***** Task data *****
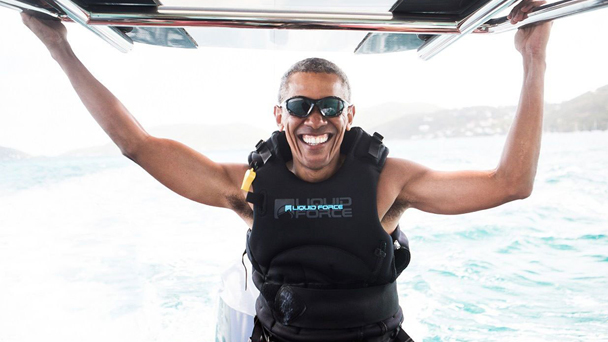 奧巴馬卸任之后度假歡 玩起沖浪秀肌肉
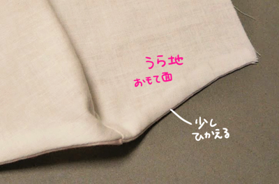 表に返したら、アイロンで形を整えます。端は表地よりも裏地を0.5〜1oほど内側に控えるようにアイロンをかけると、仕上りがきれいです。
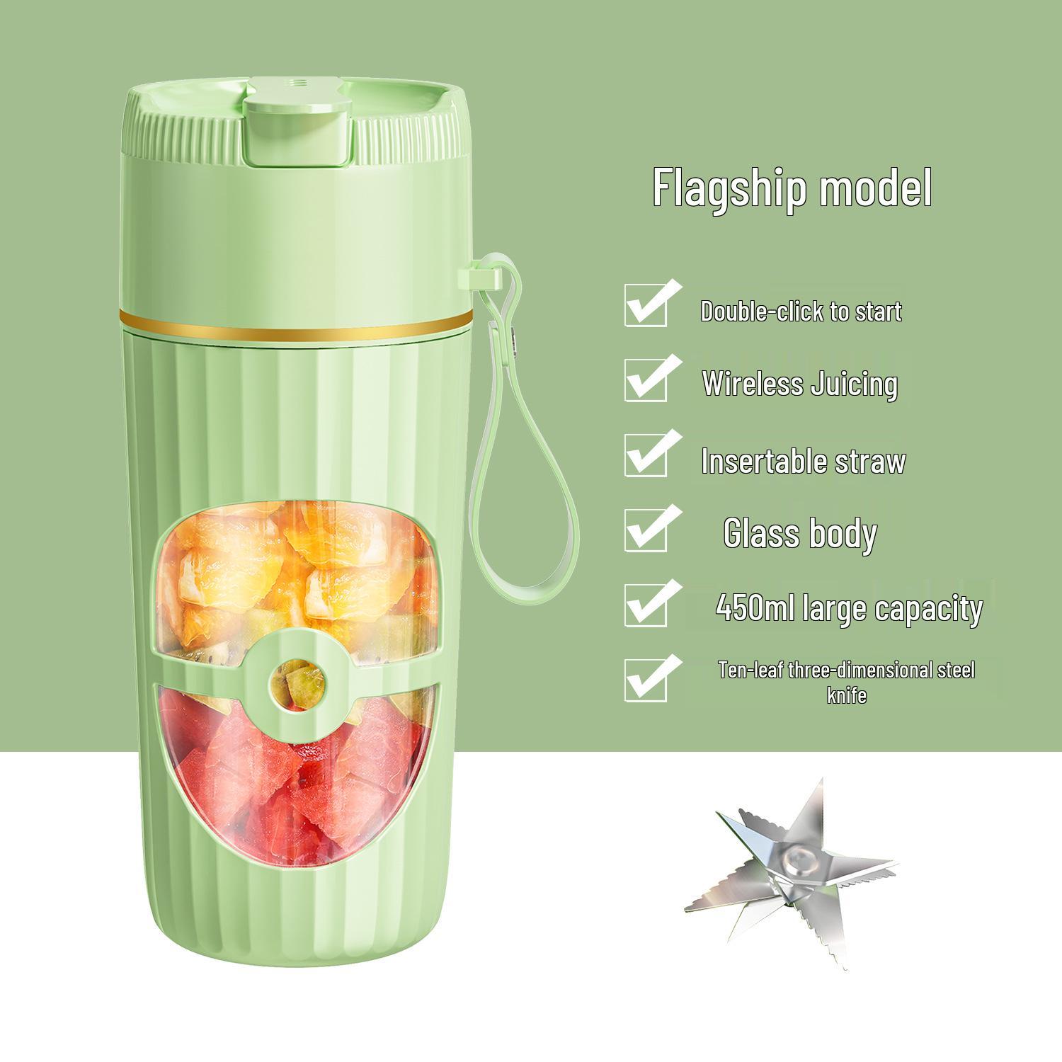 Перезаряжаемая портативная чашка-блендер объемом 450 мл с трубочкой для питья прямо из чашки N58 Ten-Blade Green
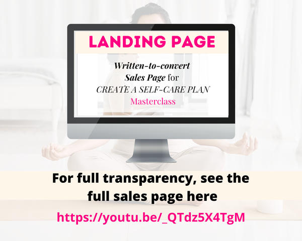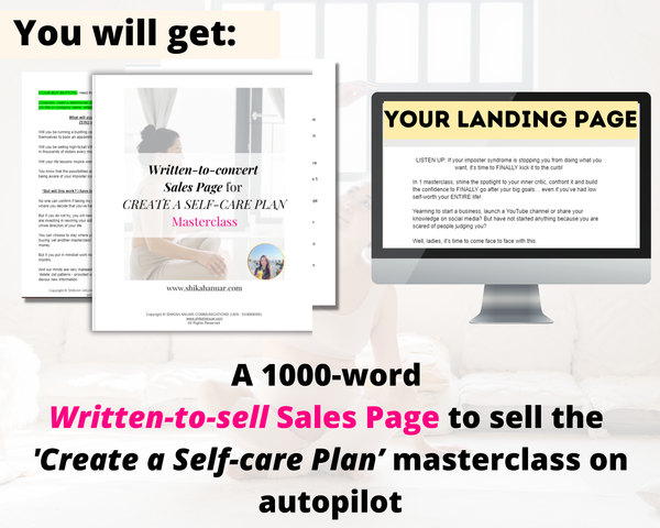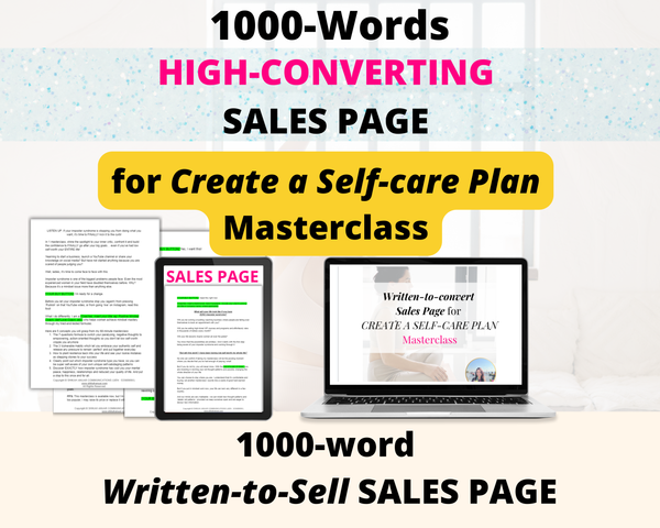 - Instant access to a 1000-word written-to-convert sales page in Google Docs to promote the done-for-you Create a Self-Care Plan masterclass
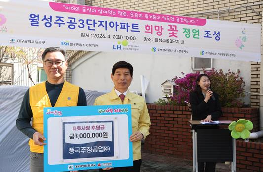 이태훈 달서구청장은 “지역사회를 위해 따뜻한 나눔을 실천해 주신 풍국주정공업에 깊이 감사드린다”며 “전달해 주신 후원금은 복지 사각지대를 해소하고 사회안전망을 강화하는 데 소중히 사용하겠다”고 밝혔다. 이어 “희망 꽃 정원 조성 활동에도 함께해 주셔서 감사드린다”고 덧붙였다.
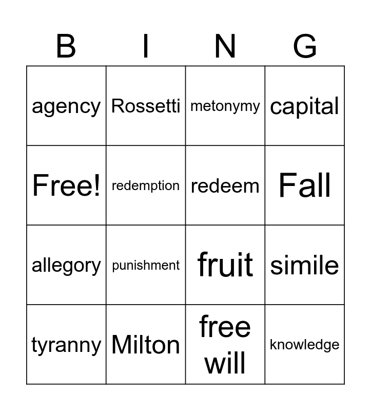 This bingo card has 16 words: Milton, simile, metonymy, agency, allegory, Rossetti, fruit, free will, Free!, redemption, tyranny, capital, punishment, Fall, redeem and knowledge.
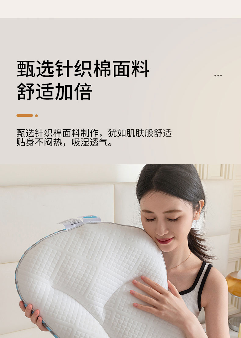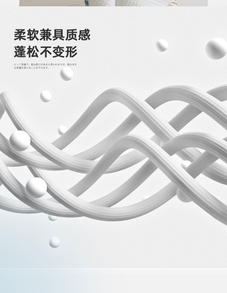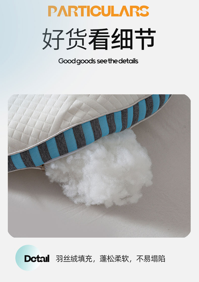 枕套:牛奶針織棉 枕芯:高彈羽絲棉 規(guī)格:60*40cm 甄選A類牛奶針織棉,手感細膩,親膚透氣,立體感較好。面料里層縫天然睡覺薄片。高彈性纖維填充,快速回彈,不易坍塌。四周精美包邊工藝,簡約有格調。
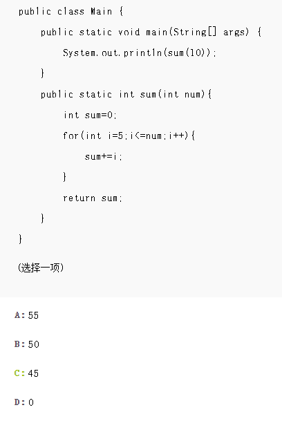 正确答案为C。sum()方法的作用是求出从5到变量num之间所有整数的和,因为调用sum()方法时传递的值num值为10,因此就是计算从5到10之间的整数相加的和,结果为45。
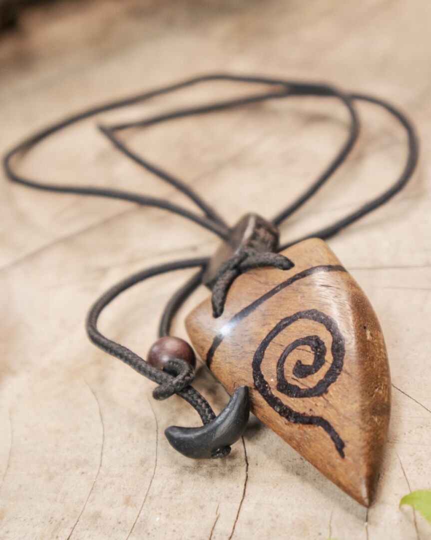 This handcrafted artwork is a unique wooden pendant necklace made with care and traditional handcraft techniques. The pendant is carved by hand from natural wood and shaped into a simple, elegant form. A hand-drawn spiral design is added to the surface, giving the piece a natural and artistic look. The natural wood grain and warm color make each pendant special and unique.
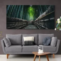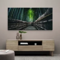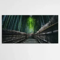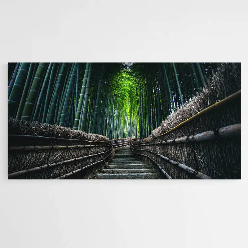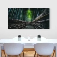 Ce Tableau Bambou montre des tiges de bambou verticales très présentes, des feuilles fines et délicates qui partent en balancement, et un fond clair, presque blanc cassé, qui laisse respirer la composition. Les nuances de vert vont du vert profond au vert pâle, et les troncs affichent des lignes nettes et régulières. On voit une composition simple, épurée, une image qui reste calme, calme.
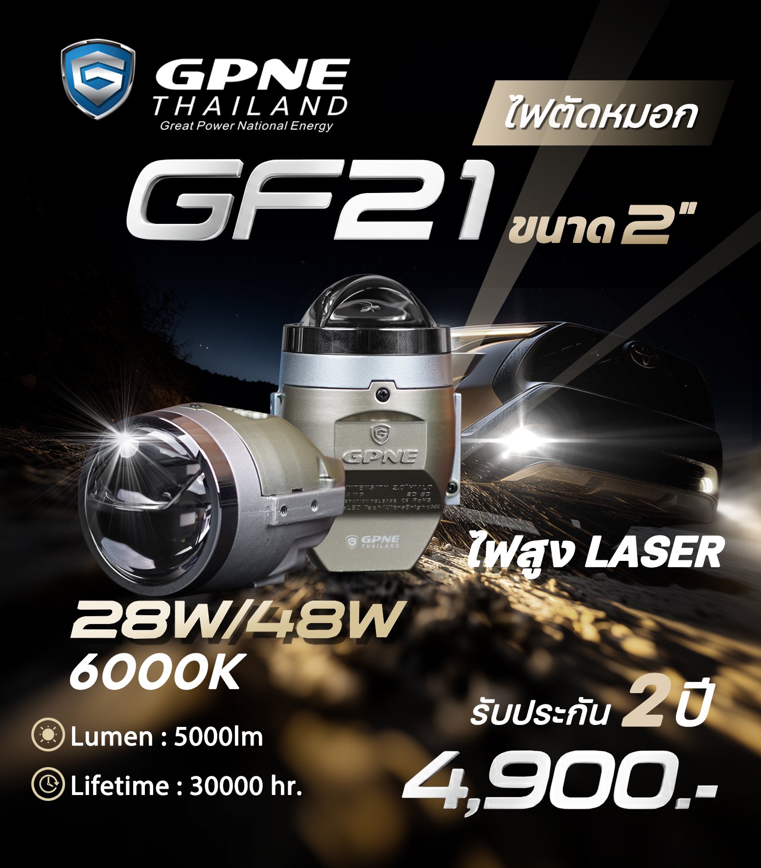 GPNE GF21 | ไฟตัดหมอกโปรเจคเตอร์ BI-LED 28-48W ไฟสูงเลเซอร์ แสงขาว 6000K รับประกัน 2 ปี
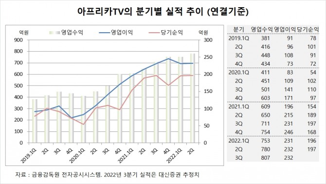 대신증권은 아프리카TV의 올해 3분기 영업수익(매출액)이 807억원, 영업이익이 232억원에 이를 것으로 내다보고 있습니다.
*****
* Your assignment
Each entry above should be printed exactly, and any picture in it left out.

* Solution
 奧巴馬卸任之后度假歡 玩起沖浪秀肌肉
 表に返したら、アイロンで形を整えます。端は表地よりも裏地を0.5〜1oほど内側に控えるようにアイロンをかけると、仕上りがきれいです。
 Перезаряжаемая портативная чашка-блендер объемом 450 мл с трубочкой для питья прямо из чашки N58 Ten-Blade Green
 - Instant access to a 1000-word written-to-convert sales page in Google Docs to promote the done-for-you Create a Self-Care Plan masterclass
 이태훈 달서구청장은 “지역사회를 위해 따뜻한 나눔을 실천해 주신 풍국주정공업에 깊이 감사드린다”며 “전달해 주신 후원금은 복지 사각지대를 해소하고 사회안전망을 강화하는 데 소중히 사용하겠다”고 밝혔다. 이어 “희망 꽃 정원 조성 활동에도 함께해 주셔서 감사드린다”고 덧붙였다.
 This bingo card has 16 words: Milton, simile, metonymy, agency, allegory, Rossetti, fruit, free will, Free!, redemption, tyranny, capital, punishment, Fall, redeem and knowledge.
 枕套:牛奶針織棉 枕芯:高彈羽絲棉 規(guī)格:60*40cm 甄選A類牛奶針織棉,手感細膩,親膚透氣,立體感較好。面料里層縫天然睡覺薄片。高彈性纖維填充,快速回彈,不易坍塌。四周精美包邊工藝,簡約有格調。
 正确答案为C。sum()方法的作用是求出从5到变量num之间所有整数的和,因为调用sum()方法时传递的值num值为10,因此就是计算从5到10之间的整数相加的和,结果为45。
 This handcrafted artwork is a unique wooden pendant necklace made with care and traditional handcraft techniques. The pendant is carved by hand from natural wood and shaped into a simple, elegant form. A hand-drawn spiral design is added to the surface, giving the piece a natural and artistic look. The natural wood grain and warm color make each pendant special and unique.
 Ce Tableau Bambou montre des tiges de bambou verticales très présentes, des feuilles fines et délicates qui partent en balancement, et un fond clair, presque blanc cassé, qui laisse respirer la composition. Les nuances de vert vont du vert profond au vert pâle, et les troncs affichent des lignes nettes et régulières. On voit une composition simple, épurée, une image qui reste calme, calme.
 GPNE GF21 | ไฟตัดหมอกโปรเจคเตอร์ BI-LED 28-48W ไฟสูงเลเซอร์ แสงขาว 6000K รับประกัน 2 ปี
 대신증권은 아프리카TV의 올해 3분기 영업수익(매출액)이 807억원, 영업이익이 232억원에 이를 것으로 내다보고 있습니다.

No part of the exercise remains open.